Question

The frequency of tuning fork \(\mathrm{A}\) is \(2 \%\) more than the frequency of a standard fork. Frequency of tuning fork \(B\) is \(3 \%\) less than the frequency of the standard fork. If 6 beats per second are heard when the two forks \(\mathrm{A}\) and \(\mathrm{B}\) are excited, then frequency of \(A\) is \(\ldots \ldots \ldots . H z\) (A) 120 (B) \(122.4\) (C) \(116.4\) (D) 130

Short answer

The frequency of tuning fork A is \(122.4\, Hz\), which corresponds to option (B).

Step-by-step solution

Setting up the equations

Let the standard frequency be S. According to the problem, frequency of A is 2% more than S, so: \(A = S + 0.02S = 1.02S\) Similarly, frequency of B is 3% less than S, so: \(B = S - 0.03S = 0.97S\) We also know that the absolute difference between the frequencies of A and B is 6 Hz. \(|A - B| = 6\)

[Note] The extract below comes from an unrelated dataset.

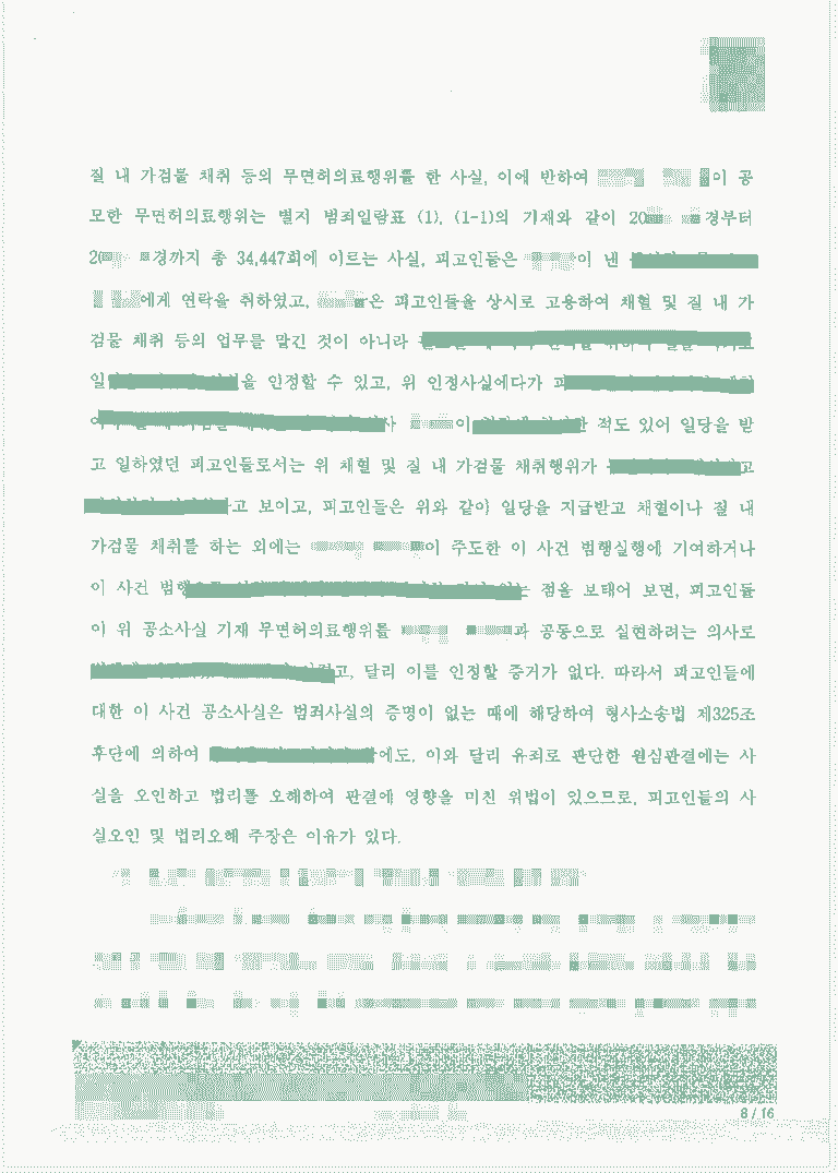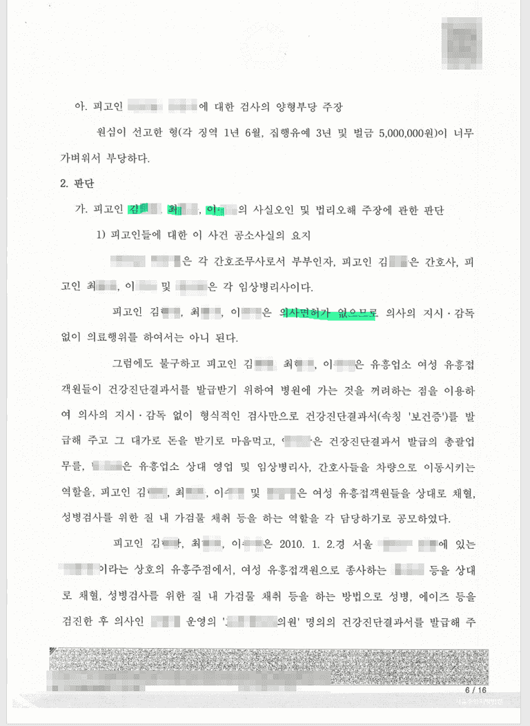 주된 범죄자로부터 구인공고를 보고 혈액체취 등 간호사일을 하였고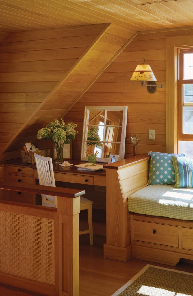 Why add another bedroom to an already packed program when it’s only going to be used a few days per year? That’s the reasoning architect Mark Hutker used with the owners of this new house on Martha’s Vineyard. In lieu of that extra bedroom, the stair landing was deepened and outfitted with a multitasking built-in: a window seat/guest bed. It features a sloping headboard that Hutker says makes the spot comfortable for all uses. The headboard connects the seat to a small desk with file storage. Hutker credits his general contractor and lead carpenter, Leo DeSorcy, for making the complicated design look simple. Every measurement had to be exact to make the space functional for varied activities in less than 100 square feet. Even the fact that the owners are right-handed factored into the plan. The carefully detailed design is rendered in lively yet warm cypress, while slabs of contrasting mahogany top off the desk and the seat’s headboard/armrest. Materials were chosen to ensure they age gracefully when exposed to sea air. “The V-grooves in the cypress planks let the wood expand and contract over seasons,” Hutker says, “and solid bronze hardware will reflect its use over time.”

Solving for the standard frequency (S)

We know that \(A = 1.02S\) and \(B = 0.97S\). Substitute these into the equation \(|A - B| = 6\), we get: \(|1.02S - 0.97S| = 6\) Solve for S: \(|0.05S| = 6\) \(S = \frac{6}{0.05}\) \(S = 120\)

Find the frequency of A

We now know the standard frequency is 120 Hz. To find the frequency of A, we substitute the value of S into the equation: \(A = 1.02S\) \(A = 1.02 \times 120\) \(A = 122.4\, Hz\) Therefore, the frequency of tuning fork A is 122.4 Hz, which corresponds to option (B).

Key concepts

Beat Frequency

When two sound waves of different frequencies are played together, they interfere with each other (a process called superposition). This results in a fluctuation or variation in loudness, which we perceive as beats.
The beat frequency is simply the number of these fluctuations or cycles in loudness per second. It can be calculated using the formula:

• Beat Frequency = \(|f_1 - f_2|\)

Here, \(f_1\) and \(f_2\) are the frequencies of the two sound sources. In our problem, these are tuning forks A and B.
It's stated that 6 beats per second are heard when tuning forks A and B are excited past.
This implies that the beat frequency is 6 Hz, which means \(|A - B| = 6\). This helps us in setting up an equation to solve for the unknown frequencies.

Percent Change in Frequency

Understanding percent change is crucial in problems dealing with frequency adjustments. A percent change describes how much a value increases or decreases in terms of a percentage of the original value.
For tuning fork A, its frequency is 2% more than a standard frequency S. This means:

• Tuning Fork A Frequency = Standard Frequency + 2% of Standard Frequency.
• \(A = S + 0.02S = 1.02S\)

Similarly, for tuning fork B, which is 3% less than S:

• Tuning Fork B Frequency = Standard Frequency - 3% of Standard Frequency.
• \(B = S - 0.03S = 0.97S\)

By understanding these percentage changes, we can set up the equations necessary to solve for the unknown frequencies. It's a straightforward application of what percent increase and percent decrease mean.

Equation Solving

To find the unknown frequencies, setting up the correct equations is key. Based on the problem, we have two expressions:

• \(A = 1.02S\)
• \(B = 0.97S\)

And we also know that \(|A - B| = 6\). The equation becomes:

• \(|1.02S - 0.97S| = 6\)
• This simplifies to \(|0.05S| = 6\)

We can solve for S (the standard frequency) by dividing both sides by 0.05:

• \(S = \frac{6}{0.05}\)
• \(S = 120\)

Once we have S, calculating the frequency of tuning fork A is straightforward:

• \(A = 1.02 \times 120\)
• \(A = 122.4\, Hz\)

This logical progression from setting up an equation through solving it is a clear example of how mathematical reasoning can lead to a solution. It's all about breaking down the problem into manageable steps and dealing with them one at a time.